§ Exercise requirements
Once the line containing "Large isolated light" is located in the records below, repeat it and all lines that follow it exactly, leaving out any picture.

§ Task input
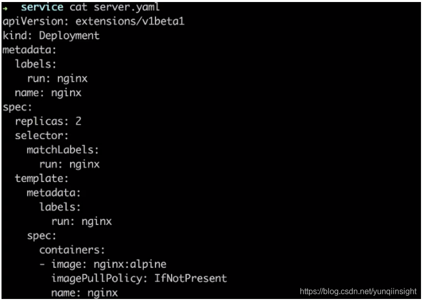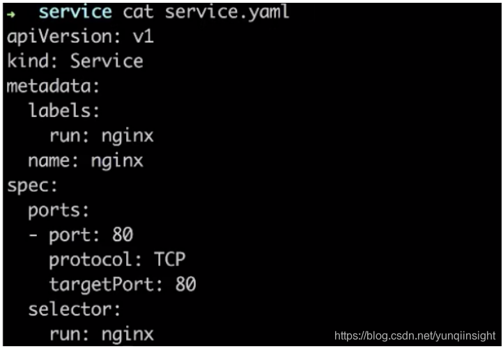 然后去创建带有这样标签的一组 pod,通过什么去创建 pod 呢?就是之前所介绍的 K8s deployment,通过 deployment 我们可以轻松创建出一组 pod,然后上面声明 run:nginx 这样一个label,并且它有两个副本,会同时跑出来两个 pod。
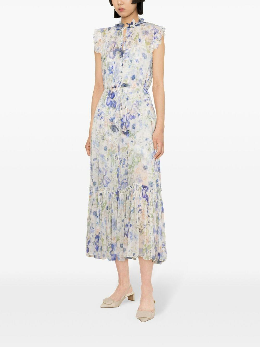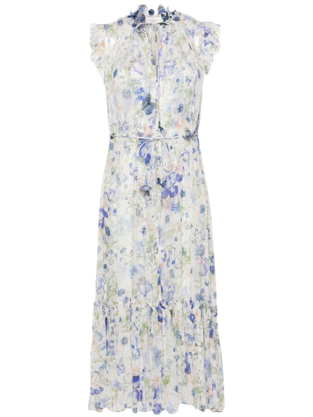 Ruffled v-neckline with tie closure. Slip-on style. Self-tie waist. Ruffled cap sleeves. Tiered skirt. Imported. Approx. 50 ½" shoulder to hem. 100% viscose; Slip: 86% recycled post-consumer polyester, 14% elastane. Dry clean.
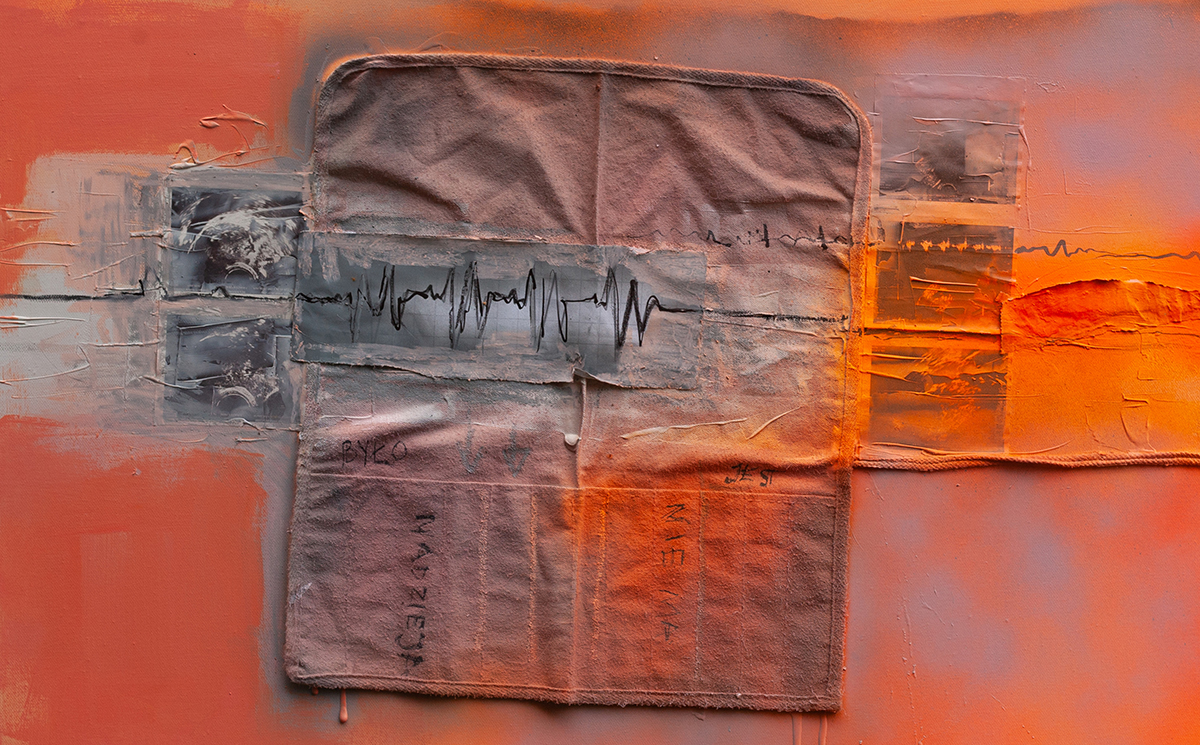 The center of the canvas features stitched or layered fabric pieces, folded and pressed into the surface. These carry drawn lines resembling an electrocardiogram, a heartbeat wave. It feels fragile, as if the canvas itself has been wired to register its own pulse. Husarska plays with this duality: the artificial graph of a machine and the raw, tactile material of fabric pressed into paint. The effect is uncanny. One feels both the science of measurement and the intimacy of touch.
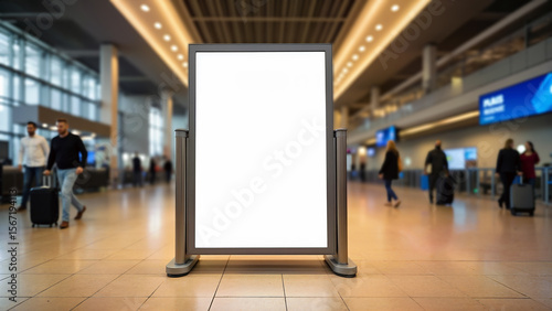 Large isolated light box with blank white screen stands in a busy airport terminal with travelers in the background. Suitable for advertising, information display, or promotional content in
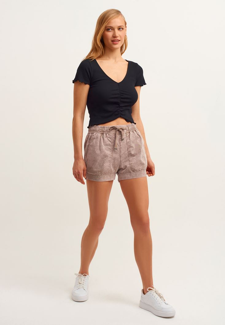 Açık Kahverengi Yıkama Efektli Mini Şort
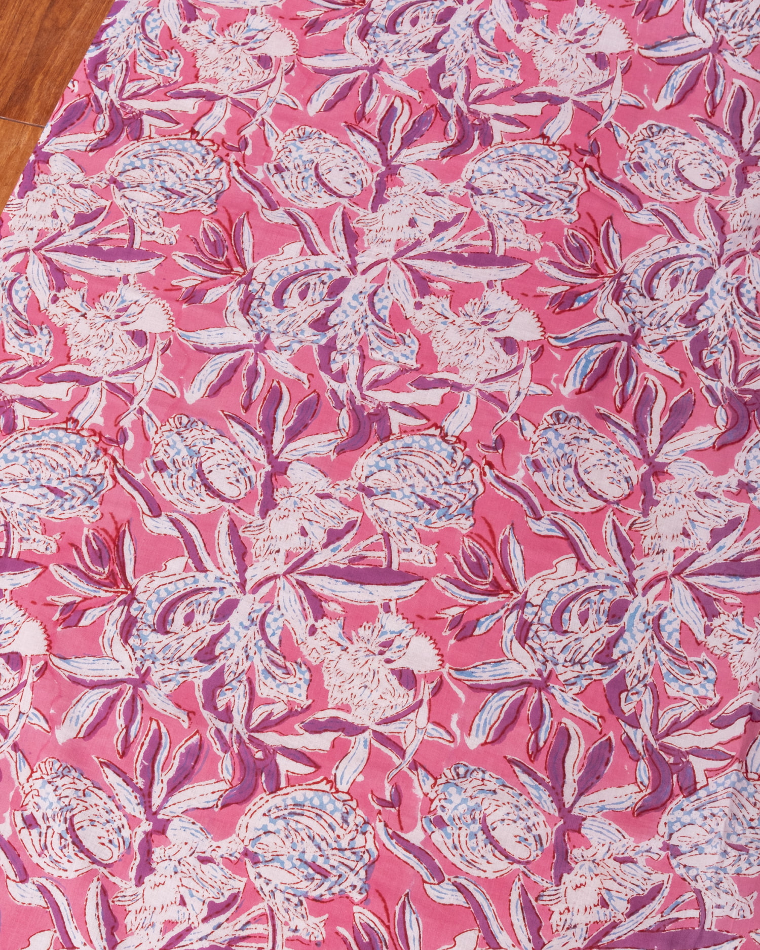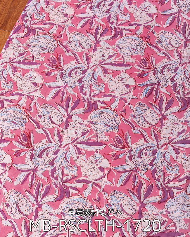 〔1m単位切り売り〕ジャイプル 職人手作り木版染め 色彩美しいボタニカルデザイン〔幅約108cm〕〔ピンク系 更紗柄〕 おしゃれ 生地 テーブルクロス 手芸素材などへ x 3個

§ Answer section
 Large isolated light box with blank white screen stands in a busy airport terminal with travelers in the background. Suitable for advertising, information display, or promotional content in
 Açık Kahverengi Yıkama Efektli Mini Şort
 〔1m単位切り売り〕ジャイプル 職人手作り木版染め 色彩美しいボタニカルデザイン〔幅約108cm〕〔ピンク系 更紗柄〕 おしゃれ 生地 テーブルクロス 手芸素材などへ x 3個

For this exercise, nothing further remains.